- [Exercise directions]
The task calls for an exact retyping of the lines from the one holding "이번 제설 작업은 시민들의" through the end of the listing, with pictures omitted and nothing added.

- [Material provided]

══════════

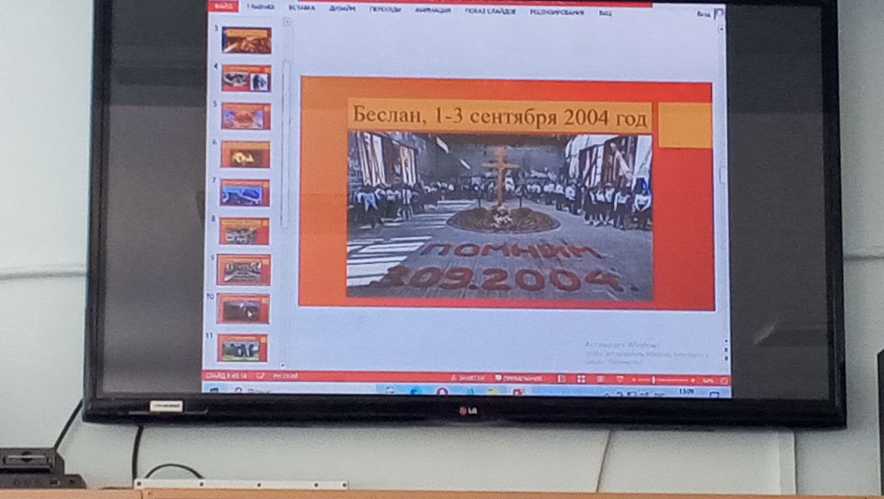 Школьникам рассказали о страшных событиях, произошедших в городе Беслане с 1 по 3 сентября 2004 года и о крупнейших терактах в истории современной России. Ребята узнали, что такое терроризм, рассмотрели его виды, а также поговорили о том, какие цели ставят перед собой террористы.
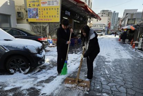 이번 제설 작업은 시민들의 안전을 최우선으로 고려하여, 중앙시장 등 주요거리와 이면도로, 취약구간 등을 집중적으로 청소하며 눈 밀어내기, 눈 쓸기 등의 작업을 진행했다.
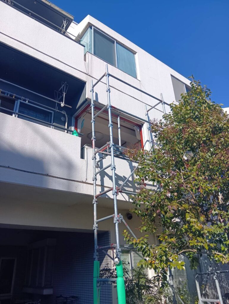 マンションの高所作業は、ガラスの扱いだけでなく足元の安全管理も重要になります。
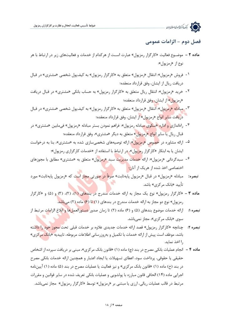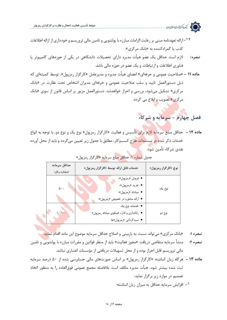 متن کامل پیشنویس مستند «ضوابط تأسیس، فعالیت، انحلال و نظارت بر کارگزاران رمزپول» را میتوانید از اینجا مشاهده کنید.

══════════

- [Answer to the exercise]
 이번 제설 작업은 시민들의 안전을 최우선으로 고려하여, 중앙시장 등 주요거리와 이면도로, 취약구간 등을 집중적으로 청소하며 눈 밀어내기, 눈 쓸기 등의 작업을 진행했다.
 マンションの高所作業は、ガラスの扱いだけでなく足元の安全管理も重要になります。
 متن کامل پیشنویس مستند «ضوابط تأسیس، فعالیت، انحلال و نظارت بر کارگزاران رمزپول» را میتوانید از اینجا مشاهده کنید.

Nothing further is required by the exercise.